Screed is a little Python package from Titus's lab that reads in
DNA sequences -- more explicitly, it's a FASTA and FASTQ parser.
You can see some documentation here:

   http://screed.readthedocs.org/en/latest/

But how do *you* use it?

To install screed directly from github, do::

   pip install git+https://github.com/ged-lab/screed.git

*Using screed:*

screed can read FASTA and FASTQ files, as well as gzip or bzip2 versions
of those files.  For example, in the python directory there is a file
called '25k.fq.gz'.

**Note:**

All of the below screed commands are in the `using-screed.ipynb notebook <http://nbviewer.ipython.org/urls/raw.github.com/swcarpentry/2013-04-az/master/notebooks/using-screed.ipynb>`__.

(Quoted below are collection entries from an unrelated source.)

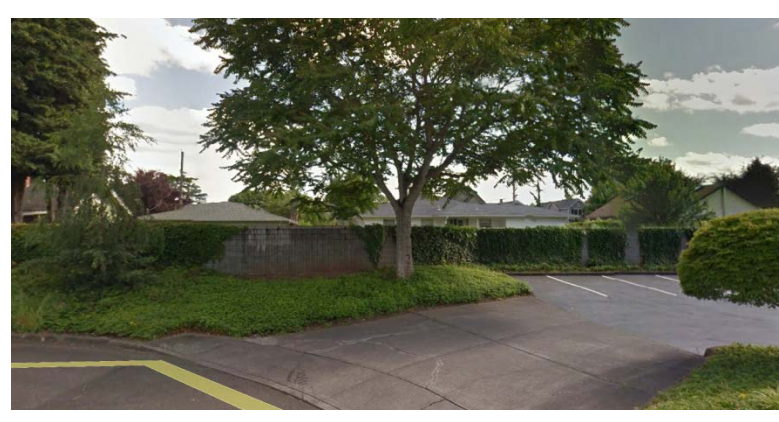
South side of Powell concrete wall
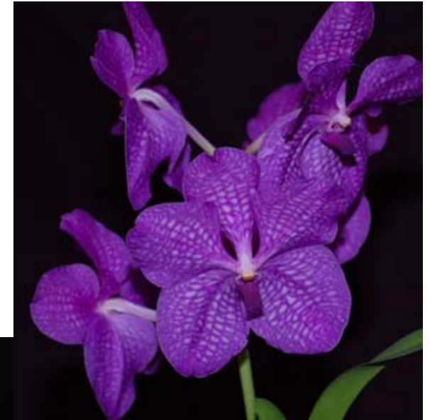
V. Sansai Blue 'Dr. Anek'

California Sierra Nevada Judging Center http://www.csnjc.org
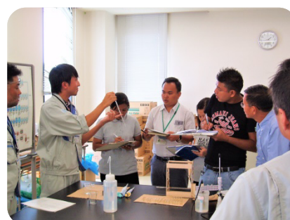
【Trainees from Myanmar learning about water quality inspection/Fukuoka-city】
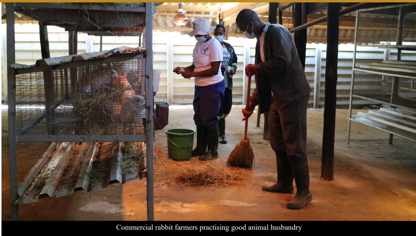
Commercial rabbit farmers practising good animal husbandry

T he Zimbabwe Commercial Rabbit Breeders Association (ZICORBA) and Kenya's state-owned National Rabbit Breeding and Training Institute (NRCTI) have joined hands to horn the production skills of Zimbabwean rabbit farmers.
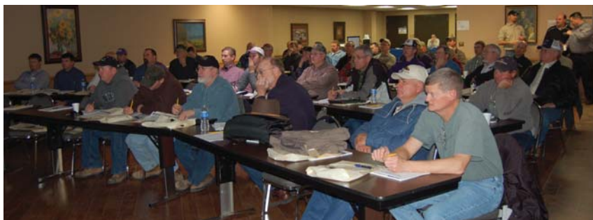
Members attend the 13th Annual Irrigation Seminar.

Victory Electric's 13th Annual Irrigation and Technology Seminar had a great turnout on February 11, 2011.
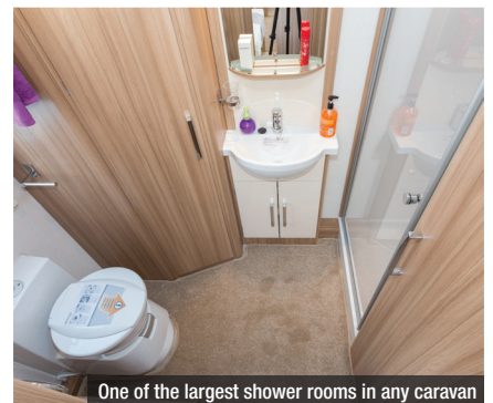
One of the largest shower rooms in any caravan
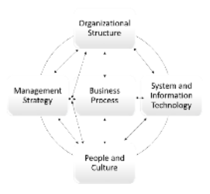
Figure 5. Overview of Science and Technology to Be Implemented in Partners
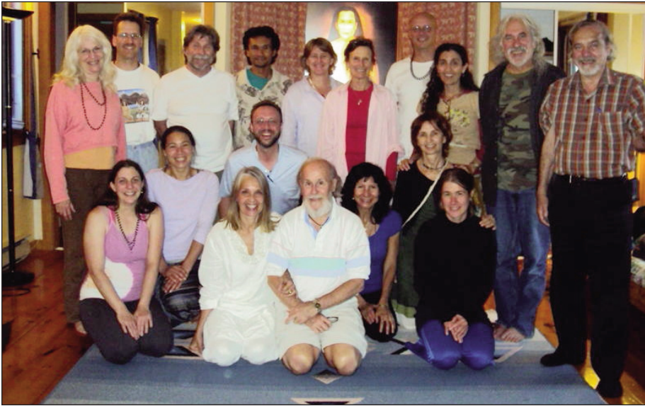
Silent Retreat participants June 27, 2010 at Quebec ashram.
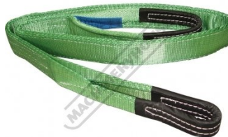
H322 Flat Sling
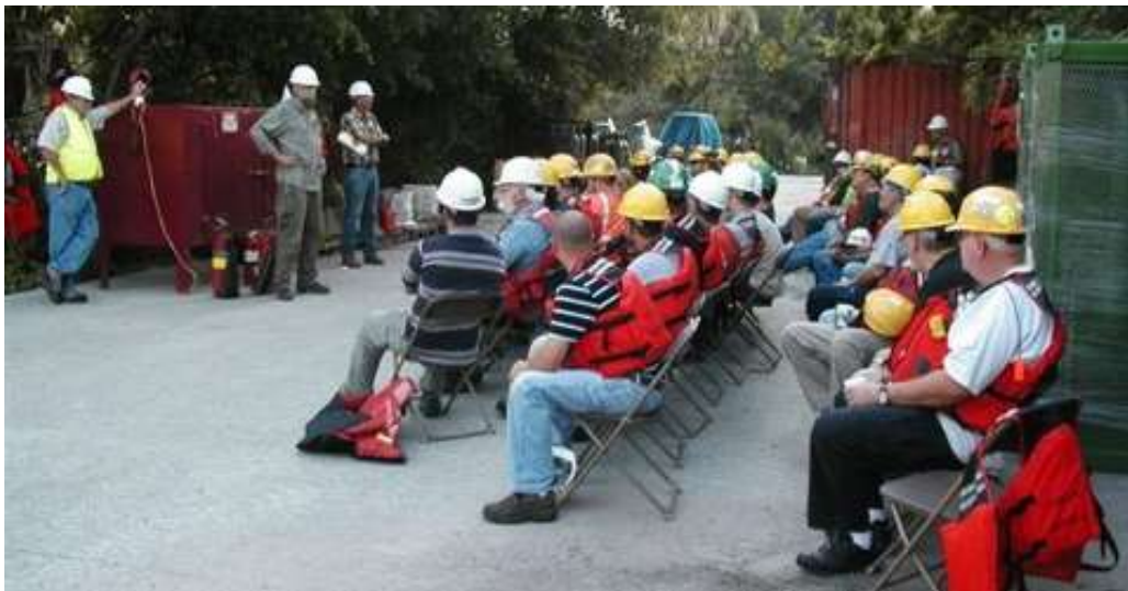
Figure 1. Project launch meeting led by project management team.

One of the main goals of a re-vamped project launch meeting is to make it the kind of meeting that crews cannot afford and do not want to miss . Through successfully planning, conducting, and following up on the meeting, you are ensuring your project is set up for safety success from day one. As illustrated in Figure 1 below, a carefully planned and executed project launch meeting will hold the attention of all participants. Note how everyone is paying attention to the facilitator—all eyes are front and not a cell phone in sight!
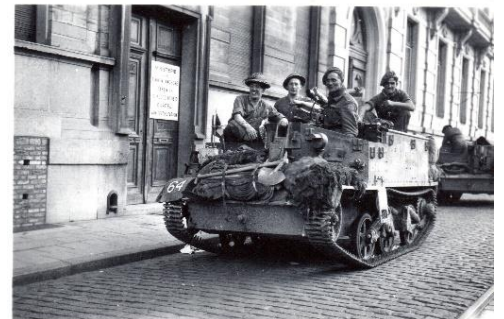
Machine gun carrier passing through Antwerp, Belgium

The 4 th Battalion operated as three Independent Machine Gun Companies, each with a 4.2" mortar platoon. The Companies were attached to the 7 th , 11 th and Guards' Armoured Divisions. No.3 Company landed at Arromanches on 9 th June 1944; No.2 Company on Sword beach on 14 th June; No.1 Company at Le Hamel on the night of 25 th June. By September they had all reached Belgium.
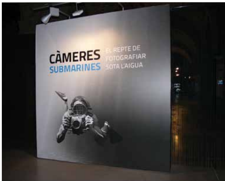
The entrance to the display area was graced with this very impressive photo of Hans Hass

Many unique pieces of historic underwater photo equipment were on display.
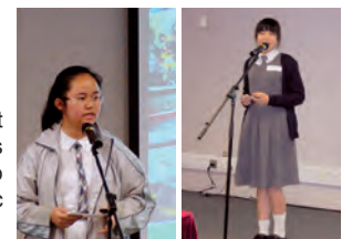
An inter-school event which provides students with opportunities to learn and practise public speaking
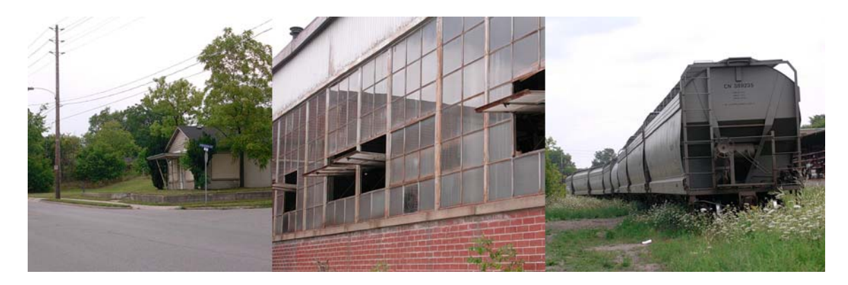
Figure 2 – The "Divide" (from left to right) - The Site at the corner of Preston Street and Edinburgh Road, Typical Factory Shed, Abandoned tracks and cars.
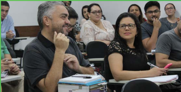
ESMAM'S CLASSROOM

Thus, it has been seeking, through partnerships, to offer postgraduate courses such as specialization, master's and doctorate degrees.
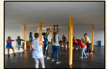
Stadium of Life & Bophelo Health and Gymnasium - Kick4Life | Lesotho
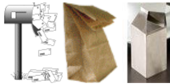
Junk Mail / Paper Bags & Cartons
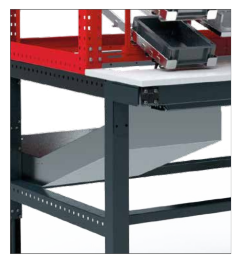
Empty container returns

The empty container return chute mounted under the table means the worker can effortlessly deposit the empty container without wasting time. The empty containers can then be retrieved from the rear by the logistics.
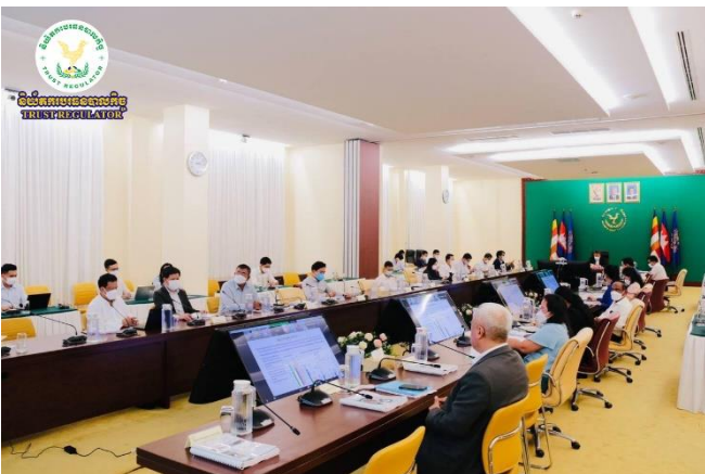
Picture of meeting on "Budget Implementation Review of Ministry of Economy and Finance (MEF) for the 1st Semester of 2022 "
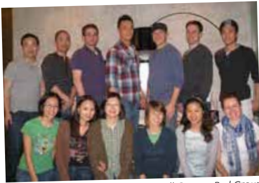
Small Group - Red Group

Another highlight of small group ministry was the Summer Spiritual Refreshment where individuals were welcomed to gather at church for a meal, teaching, and group discussion. We did John Ortberg's study Becoming God's Best Version of Me . A record high number attended this year, the Fellowship Hall was packed with about 100 people each week. Some were regular small group attendees, others came and had a taste of small groups. We learned that the best version of me is not to be the 'me' I
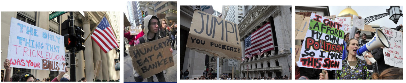
Figure 18: They know where the money went.

Ultimately, the occupiers were successful in creating and disseminating a collective narrative about the underlying causes of income inequality, and what they saw as the compromised and corrupted condition of our country's democratic process. The narrative created by the movement made space for a new iteration of the citizen-protagonist, demonstrating a way of "doing" dissent, marking what has played out as a slow but clear cultural shift away from the "greed is good" narratives of Wall Street philosophers. It is arguably the failure to recognize this shift that sabotaged the 2012 presidential campaign of Mitt Romney and Paul Ryan.
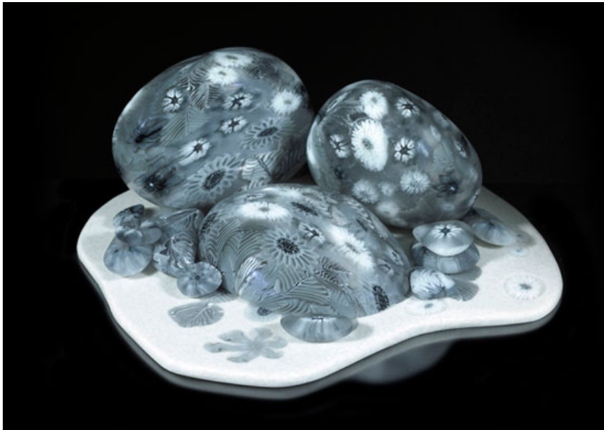
"Silent River Silver Garden" by Martie Negri.
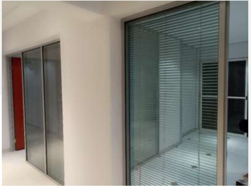
African Circle Pollution Management Ltd, Ikoyi Office Interior works (In Partnership with Bricks International Concept Ltd)
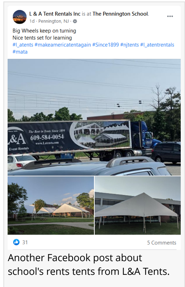
Another Facebook post about school's rents tents from L&A Tents.

This press release can be viewed online at: https://www.einpresswire.com/article/523942202

screed, in a nutshell, lets you read in all that data and access it
in Python. Try::

   import screed
   for record in screed.open('/path/to/2012-11-scripps/python/25k.fq.gz'):
      print record.name
      print record.sequence
      print record.accuracy
      break

A couple of points here.

First, there are 25,000 sequences in this file.  You might want to
avoid printing them all out (hence the 'break' command at the end of
the loop!)  This is a typical approach to reading through big files --
just put in a "if I've done more than 10 things, stop"

Second, you can use this for short read data or genomic sequences or
whatever.  We've mostly designed it for short-read data but it works
fine for genome-scale data (which is, after all, rather smaller than
most short-read data...)

Third, you can open any kind of sequence file with this command.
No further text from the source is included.